If the service doesn't support migration by APIs or you already made a mistake and upgraded Kubernetes, you have only two options:

Make a clean install of Jaeger

Remove all secrets with names:

sh.helm.release.<version>.<name>.<version>

How to avoid this issue:

If services support migration to new Kubernetes the correct way to upgrade it is:

Before upgrading Kubernetes, need to upgrade the Service to the new version which can work in the new Kubernetes
Only after it upgrades Kubernetes to the new version

Labels and Annotations validation error¶

Helm doesn't allow a resource to be owned by more than one deployment. During jaeger upgrade it's possible you create resources that already existed and created outside of Helm. In such cases you may see error related to labels and annotation validation. For more details please refer article

Solution

To add and use correct values for following labels and annotations:

labels:
  app.kubernetes.io/managed-by: Helm
annotations:
  meta.helm.sh/release-name: <RELEASE_NAME>
  meta.helm.sh/release-namespace: <RELEASE_NAMESPACE>

This solution is proposed in document

Runtime Issues¶

Jaeger lost connection to Cassandra after Cassandra's restart¶

Now we know about the two most often issues related to Cassandra's connections. Both issues and ways to solve them are described above.

gocql: no host available in the pool¶

Jaeger during the use of Cassandra as a storage has by default used a SimpleRetryPolicy from the Gocql module. It means that when Jaeger can't execute a query, it will retry the query with the following rules:

Will retry the specified number of retries
Will wait the specified time between retries

By default, Jaeger will do 3 retries and wait 1m between retries. So total it will retry 3 minutes. If Jaeger can't successfully retry the query for 3 minutes it will mark Cassandra's host as not available and won't use next.

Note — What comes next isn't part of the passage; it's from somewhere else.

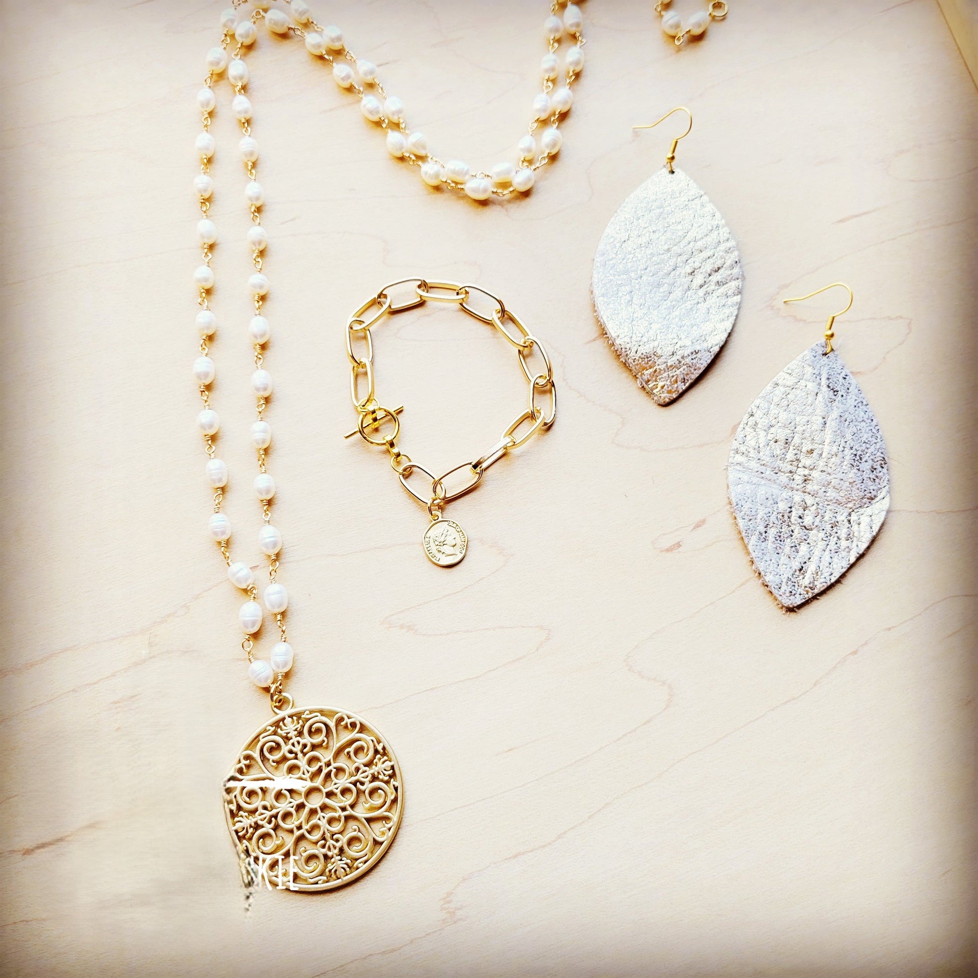 Increase quantity for **Leather Oval Earring-Heavy Metal White 209t

As a typical symptom of this issue, in collector and query logs (or even in Query UI) you can find the following logs:

error reading service_names from storage: gocql: no hosts available in the pool
...

Solution:

You have to execute the following steps:

Verify that Cassandra is available and operable now
Restart the collector and query pods

How to avoid this issue:

Warning! Before you execute the steps below, please read about the next problem in the section connection: no route to host and apply a solution for the described problem. In cases of using Cassandra cluster with one node, its IP always will be changed after Cassandra's restart. Even in cases of using Cassandra cluster with 3 or more nodes might occur a situation when all nodes can restart and change their IPs.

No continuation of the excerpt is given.